Alexia Alexandropoulou : AVCA principally convenes Africa-focused investment actors and professionals to champion private investment in Africa but does not in itself make capital allocations or direct investments. Nevertheless, entrepreneurs and businesses seeking funding should be aware of the following, which represent key metrics VC investors look at when determining the quality and investability of a startup:

  1. The skills and expertise of a startup’s management team. This is a crucial determiner of a startup’s likelihood to secure venture financing. Given that startups rarely have a significant market share when seeking early-stage financing, VC investors tend to evaluate the organisation’s management team and make calculated judgements on the team’s ability to execute their business plan. VC investors are more likely to back seasoned managers and experienced executives that they perceive as capable of navigating a start-up’s fragile early stages of growth.
  2. The need for skilled leadership. VC investors prefer to partner with experienced managers with demonstrable track records, particularly when investing in markets with a high degree of volatility relative to other parts of the world. As such, talent acquisition and proficiency should be a key focus for entrepreneurs and businesses seeking VC funding. The startup team will need to display a thorough knowledge of and experience with navigating the unique and varied requirements of doing business in their chosen industry.
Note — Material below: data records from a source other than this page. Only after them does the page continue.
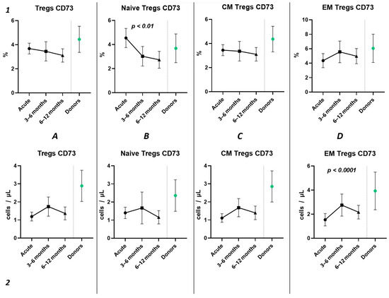 The three-point dynamic assessment of relative and absolute numbers of CD73+ Tregs and their subpopulations. Upper row (1)—relative counts; bottom row (2)—absolute number. (A). Total T regulatory T cells (Tregs). (B). Naïve Tregs. (C). Central memory (CM) Tregs. (D). Effector memory (EM) Tregs. Results presented as mean with 95% CI.
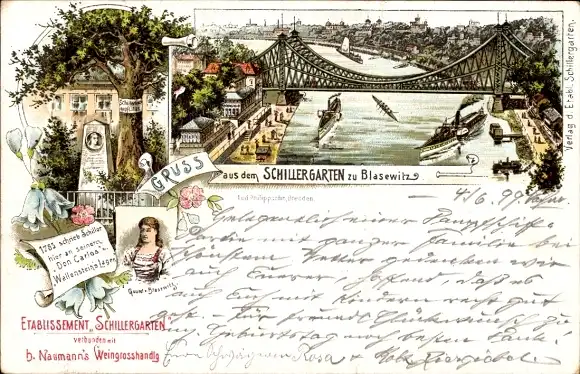 Litho Dresden Blasewitz, Stadt, Brücke, Schillergarten, Denkmal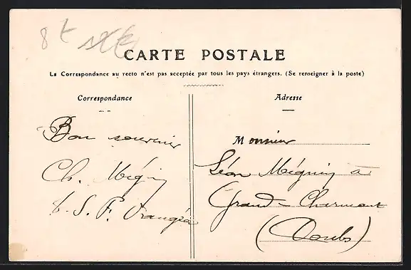 Personenbezogene Daten auf der Rückseite der Karte wurden durch blauen Textmarker unkenntlich gemacht. Die blauen Stellen sind auf die Vorderseite durchgeweicht und wirken sich negativ auf das Postkartenfoto aus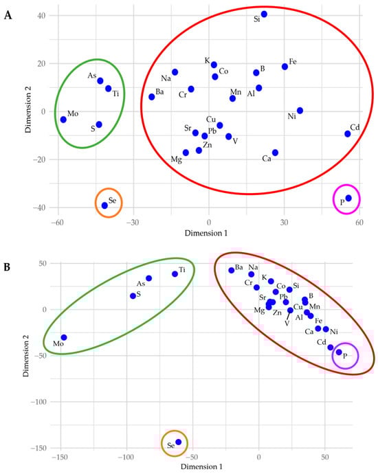 For our MDS analyses of elemental concentration (Figure 8), the Manhattan and Euclidean distance metrics had the highest Spearman rank correlations, with ρ = 0.922 and 0.875, respectively. When plotted in two-parameter MDS-space, the Manhattan and Euclidean distances form a similar distribution patterns, isolating P and Se, while creating a loose cluster with As, Mo, S, and Ti, as well as a larger cluster encompassing most other elements. The MDS plot with Canberra distances (ρ = 0.874) emphasizes this clustering pattern, further isolating Se while distancing the loose cluster of As, Mo, S, and Ti even more from the cluster of the remaining elements.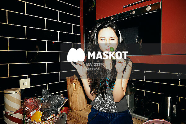 Porträtt av ung kvinna som poserar på köksbänk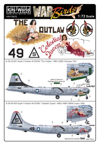 Kits-World - KW172072 - 1:72 | Boeing B-29-25-MO Super Fortress 42-65306 'The Outlaw'é 19BG 28BS Okinawa 1951 - B-29-85-BW 44-87660 'Celestial Queen' 40BG 44BS 58BW 1945 More | Aircraft decals (military) | Catalogue | £10.20 | ||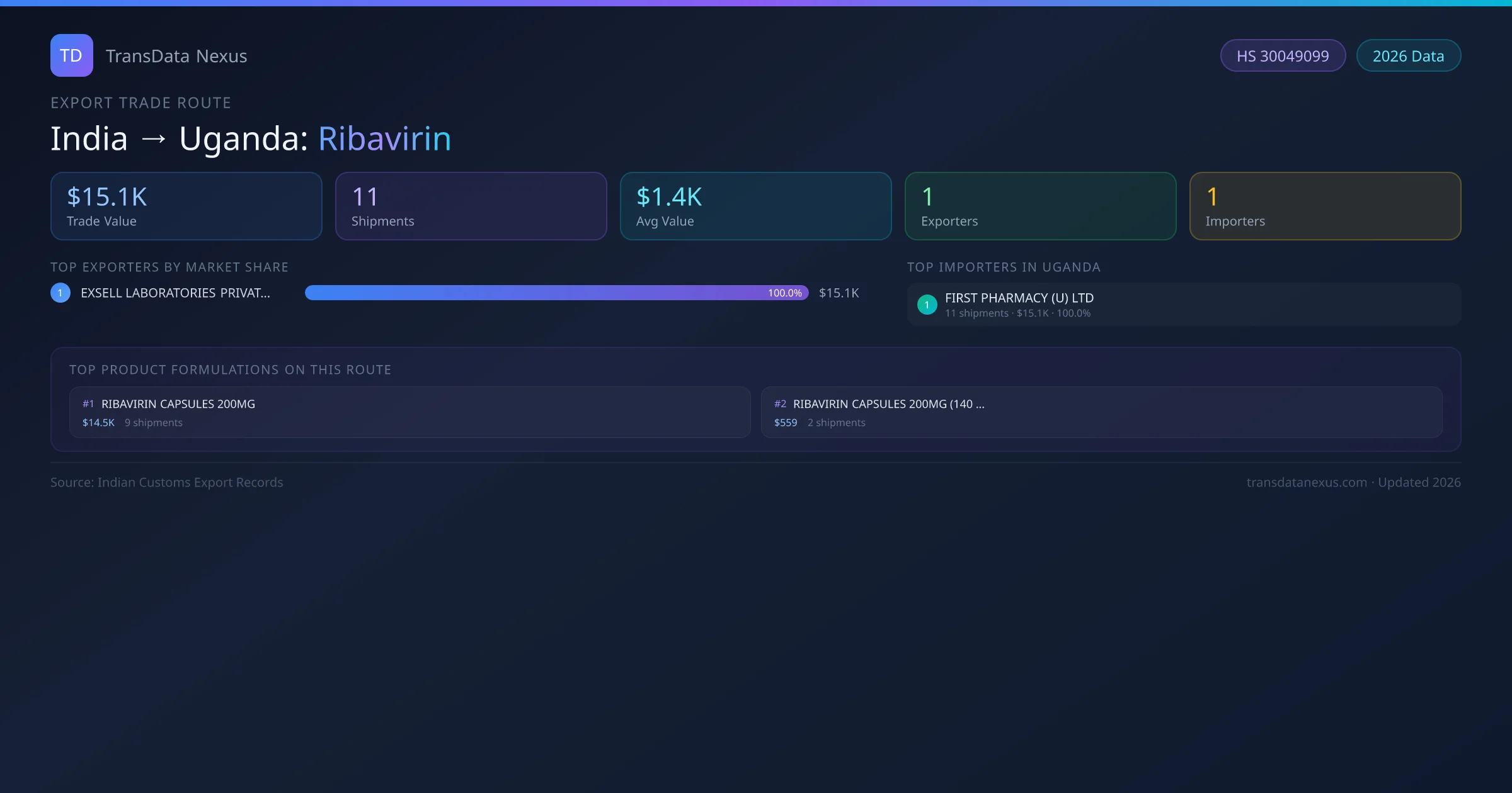 India has recorded 11 verified shipments of Ribavirin exported to Uganda, representing a combined trade value of $15.1K USD. This corridor is served by 1 active Indian exporters, with an average shipment value of $1.4K USD. The leading Indian exporter is EXSELL LABORATORIES PRIVATE LIMITED , which accounts for 100% of total export value with 11 shipments worth $15.1K USD. On the buying side, FIRST PHARMACY (U) LTD is the largest importer in Uganda with $15.1K USD in purchases. All data sourced from Indian Customs (DGFT) shipping bill records. Values reported in FOB USD.

How do you envisage the future of Venture Capital in Africa?

Alexia Alexandropoulou : The future of venture capital in Africa is bright. From a capital raising point of view, there has been a discernible shift in the investment stage focus of private equity firms on the continent, particularly in the last five years as the momentum of investments in early-stage companies in Africa has grown. Several PE firms that previously mainly targeted investment opportunities in African MSMEs have started to consider emerging opportunities in the venture capital space as well. Simultaneously, we have also seen African fund managers that traditionally focused on PE investments on the continent shift gears to raise VC funds. An example is AfricInvest, a Tunisian-based private equity fund, which partnered with Cathay Innovation to launch a US$168 million fund targeting startups in Africa. Avenues for startups to access capital and grow their businesses with affordable and tailored credit are on the rise as venture capital develops into a recognised and definable investment theme in Africa.

The horizon is equally bright from a regulatory and institutional point of view. More African governments are recognising the catalytic role of startups as engines for economic growth and thus championing the goal of nurturing vibrant and supportive local ecosystems. Africa’s VC industry is poised for growth in this supportive, dynamic environment.

Despite the relative infancy of the entrepreneurial space in Africa, a culture of entrepreneurship is growing across the continent. From an entrepreneurial point of view, there are yet more reasons for optimism regarding the future of venture capital in Africa. Afro-entrepreneurs are leveraging technology and developing ground-breaking solutions addressing the most pertinent challenges on the continent. As the continent develops “African solutions to African problems”, the number of “investment-ready” businesses also grows commensurately, creating more investment opportunities for so-inclined venture capitalists.